Я ушел от него опьяненный верой в свои силы. Долго не мог уснуть. Слушал пение птиц за окном, капанье воды из испорченного крана, шелест листвы, голоса мальчишек и пытался сопоставить все это.
А потом мне приснились горы. Туман стекал по ним в долину, сизо-зеленый, как лес на рассвете, и прохладный, как горные ручьи…
Я проснулся с предчувствием радости. Ночью прошел дождь, промытый воздух был свеж, а пронизанная лучами синева слегка ослепляла и казалась особенно нарядной. Я несколько раз выжал гири, быстро умылся и, на ходу дожевывая бутерброд, вышел из дому.
Я шел, размахивая портфелем, как школьник, и мне казалось, что будущее раскрытая книга и можно прочесть его без ошибок.
Легко взбежал по ступенькам главного входа. Взялся за ручку двери, когда раздался первый взрыв, за ним второй, третий, особенно сильный, от которого вылетели стекла. Какие-то обгоревшие бумаги закружились в воздухе, как летучие мыши. Ко мне подбежал Саша Митрофанов, схватил за рукав, потащил куда-то. Мы увидели две багровые свечи над корпусом, где размещались Сашина лаборатория и реактор. Густой дым валил из окон, сквозь него, как языки змей, быстро высовывались и втягивались языки пламени. Последовала серия небольших взрывов, как пулеметная дробь.

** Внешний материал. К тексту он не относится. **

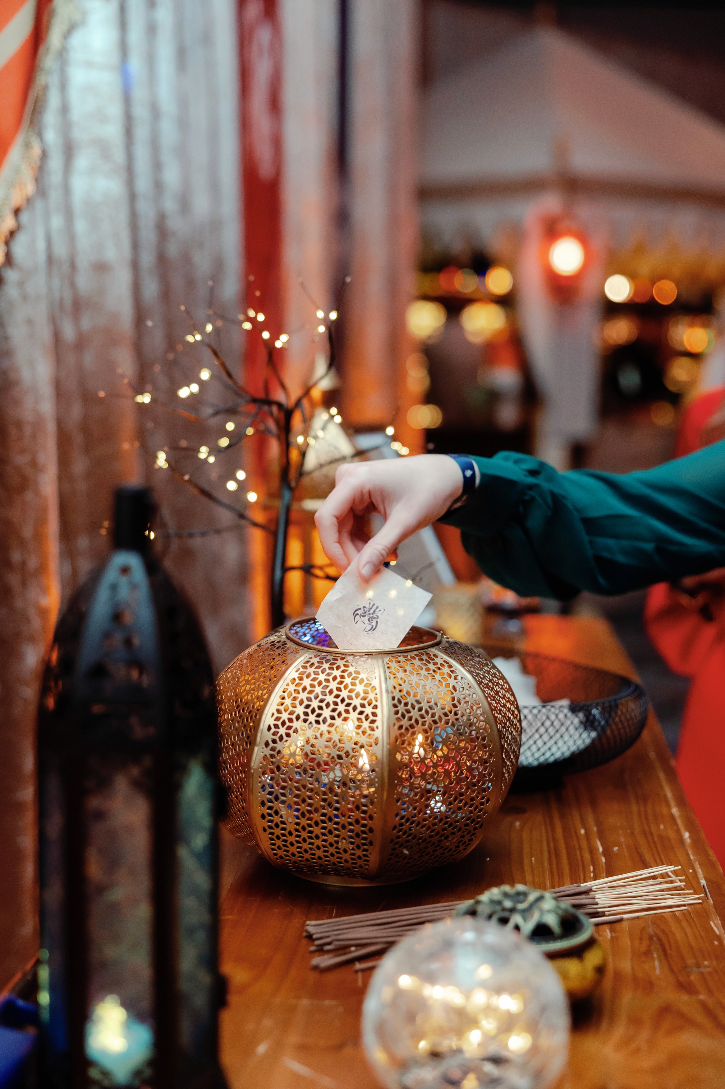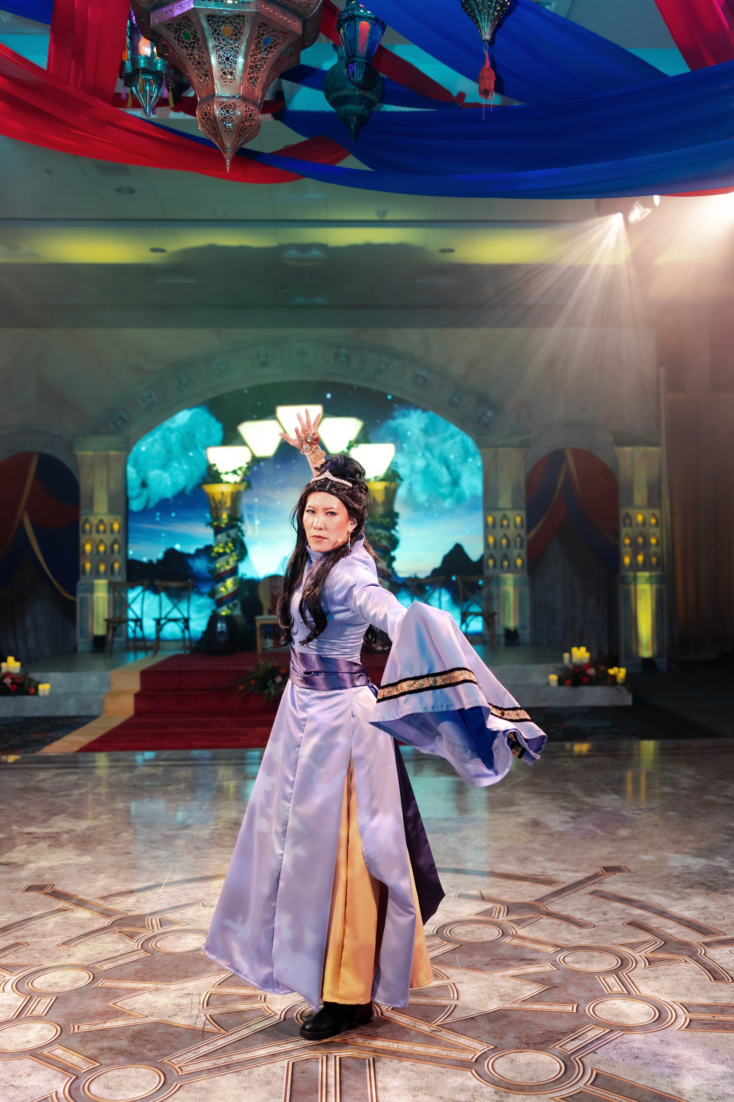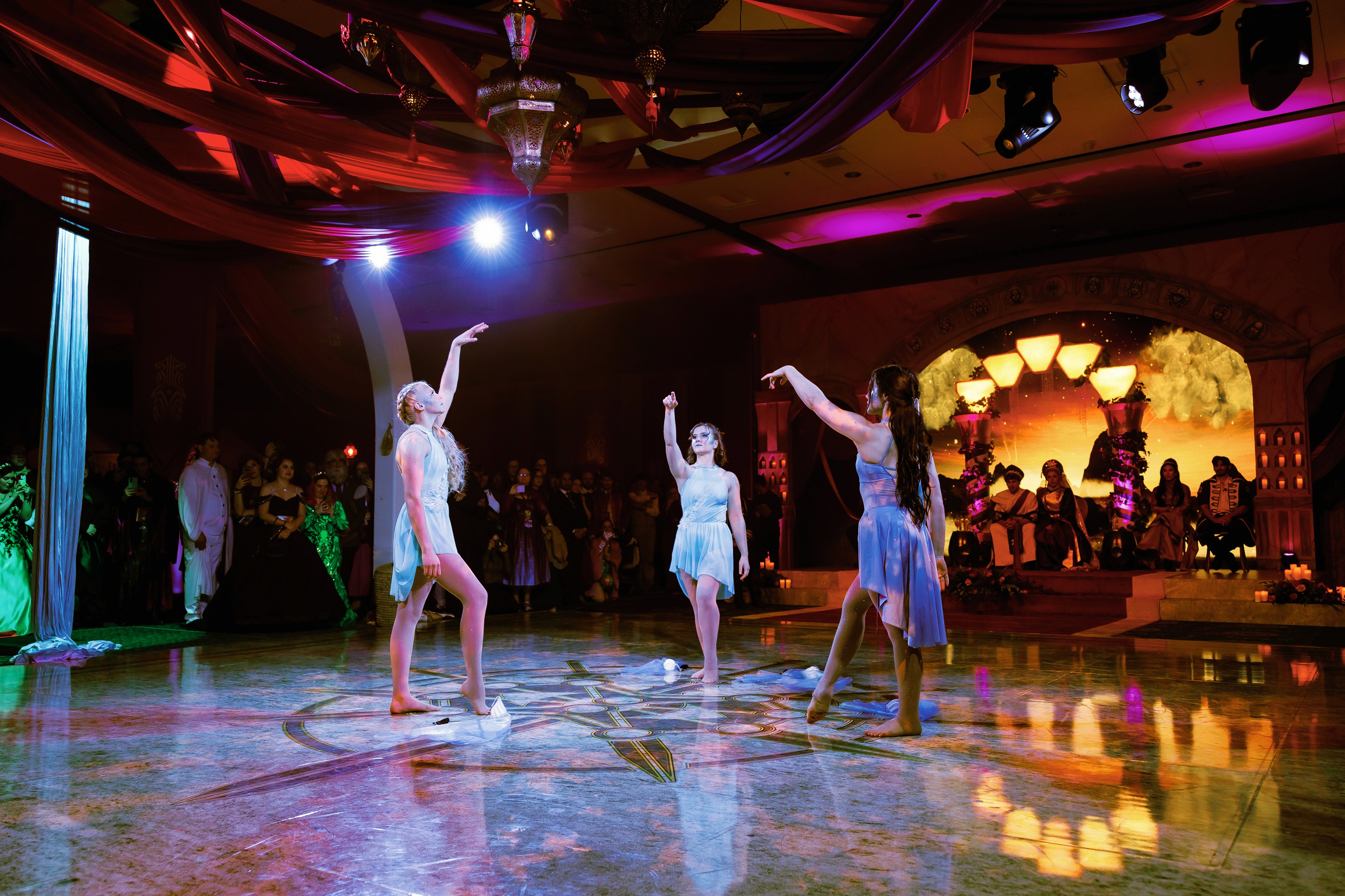 The challenge of bringing the Worldhopper Ball to life was aside from the rich descriptions in the books, there was not as much official artwork or a film/TV adaptation to go off of. We spent months researching the texts, compiling a list of descriptors to fill out the vision of this world. The cultures of Roshar are a blend of cultures found on Earth so we stretched across the globe for a combined result from Mongolia, Morocco, East Asian, Middle Eastern, French in the Second Empire, Indian Royal, and a smattering of Eastern European. This was reflected not only in the footprint and decor, but the drape, costumes, and food as well. With each detail carefully chosen, the result was a rich melting pot of light and color, lending to the celebratory nature of the wedding.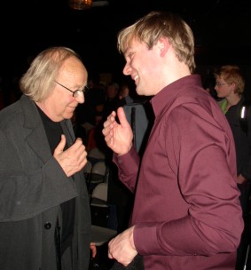 | Kammerkonsert med Oslo Filharmoniske orkester og Frode Haltli - akkordeonkonge Bildet - Både komponist Arne Nordheim og Frode Haltli syntes begge å være meget fornøyde etter konserten. |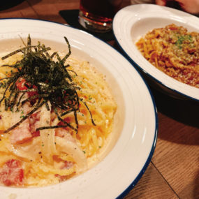 DJブースやダーツ、カラオケなどを設置した、エンターテイメント溢れるお店。個性豊かなスタッフが揃い、訪れた人を楽しませてくれる。人気の「明太子クリーム(1,200円)」など、パスタは常時6種類ほどラインナップ!時には気まぐれメニューも登場!

«Огонь бежит по пробиркам с растворами. Подбирается к складу реактивов, — с ужасом думал я. — А там…»
Очевидно, и Саша думал о том же. Не сговариваясь, мы бросились к клокочущей воронке входа. Это было безумием. Все равно не успеть, не преградить дорогу огню. Погибнем! Но мы не думали об этом.
Нам оставалось несколько шагов до входа, а уже мечем было дышать. Нестерпимый жар обжигал лицо, руки. Сзади нас послышался крик:
— Это я виновата! Я одна… Пустите!
Валя бежала прямо в огонь.
Я успел схватить ее за руку. По лицу Вали текли слезы, оставляя на щеках две темные полосы. Она снова рванулась к выходу. Я не удержал ее, не смог. Куда она? Пламя…
Я не слышал, как подъехала машина директора. Тор I внезапно вырос на фоне багрового пятна рядом с Валей, отшвырнул ее назад, сказал «извините», исчез в бушующем пламени.
Теперь Валю держали мы с Сашей вдвоем. Она стояла сравнительно спокойно, исчерпав все силы. Повторяла сквозь слезы:
— Моя вина. Забыла убрать селитру. Это я…
Я смотрел туда, где исчез Тор I, вспомнил его слова: «Человек имеет право только на те ошибки, за которые сам в силах расплатиться. Только сам».
В первый раз он отступил от своих слов. Что заставило его броситься в огонь, какая сила? Самопожертвование? Жалость? Сострадание? Благородство и смелость?
Почему я тотчас не бросился за ним? Это до сих пор терзает меня.
Через две-три минуты мы увидели директора. Он вышел, пошатываясь, одежда на нем свисала черными клочками. Сделал два шага и упал. Мы бросились к нему. Он лежал на боку, скорчившись, и смотрел на нас.
— Не трогайте, — простонал он и приказал, глядя на Валю так, что она не посмела ослушаться. — Проверьте, выключен ли газ в центральном корпусе. Вы, — он перевел взгляд на Сашу, — скажите пожарникам, пусть начинают тушить с правого крыла.